The unifying structure across all of these is:
| MacKinlay Concept | General DS Translation |
|---|---|
| Security return \(R_{it}\) | Any measurable time series metric |
| Market return \(R_{mt}\) | Baseline control signal (trend, peer average, seasonal pattern) |
| Normal return model | Regression trained on pre-event data |
| Estimation window | Training set |
| Event window | Test set |
| Abnormal return | Out-of-sample residual |
| \(CAR\) | Cumulative residual over event window |
| \(CAAR\) | Average cumulative residual across many events |
| \(H_0: CAAR = 0\) | Event had no systematic effect on the metric |
Python Packages
Several mature Python packages implement the event study workflow, saving you from building the estimation and testing machinery from scratch.
eventstudy is the most direct implementation of the MacKinlay framework. It supports the constant mean and market model, handles the estimation and event window split, and computes ARs, CARs, and significance tests out of the box. A good starting point if you are applying the method to financial return data.
statsmodels does not have a dedicated event study module, but its OLS and time series tools give you everything you need to build the framework manually. This is often the right choice when your normal return model is more complex than the market model, or when you want full control over the test statistic construction.

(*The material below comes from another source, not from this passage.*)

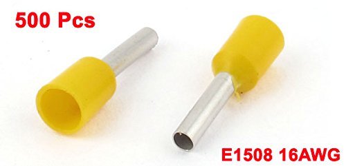 500枚E1508 16AWG絶縁フェルールピンワイヤーコードエンドターミナルイエロー

For the figures and simulation work in this post, standard numpy and matplotlib were sufficient — the core computations are straightforward once the framework is understood.
Summary
The event study is a complete, self-consistent framework for measuring the effect of an intervention on a time series metric. Its three contributions, each worth keeping distinct:
The causal logic. The counterfactual is explicit: what would the metric have been without the event? The baseline model formalizes that counterfactual, and the abnormal value is the difference between reality and the model’s prediction. This is more rigorous than naive before/after comparisons, which conflate the event’s effect with ongoing trends and external shocks.
The statistical machinery. Abnormal returns are residuals with known distributional properties under the model assumptions. Aggregating across time gives CAR; aggregating across events gives CAAR. The variance structure is tractable — it shrinks at rate \(1/N\) across events, giving real statistical power when you have many observations of the same event type. The test statistics are standard normal under the null.
The generalizability. The framework requires a stationary outcome metric, a well-defined event date, a credible baseline model, and approximately IID residuals under the null. Stock prices happen to satisfy these naturally; other domains need deliberate transformation choices. But the core structure transfers.
If you have ever wanted to answer “did this thing that happened actually change our metric, or would the metric have done that anyway?” — this is the toolkit. MacKinlay published it in 1997, the economics literature has been using it for decades, and it translates directly into the kind of time series causal inference problems that show up constantly in data science work.
The paper is worth reading in full. This post is a starting point, not a substitute.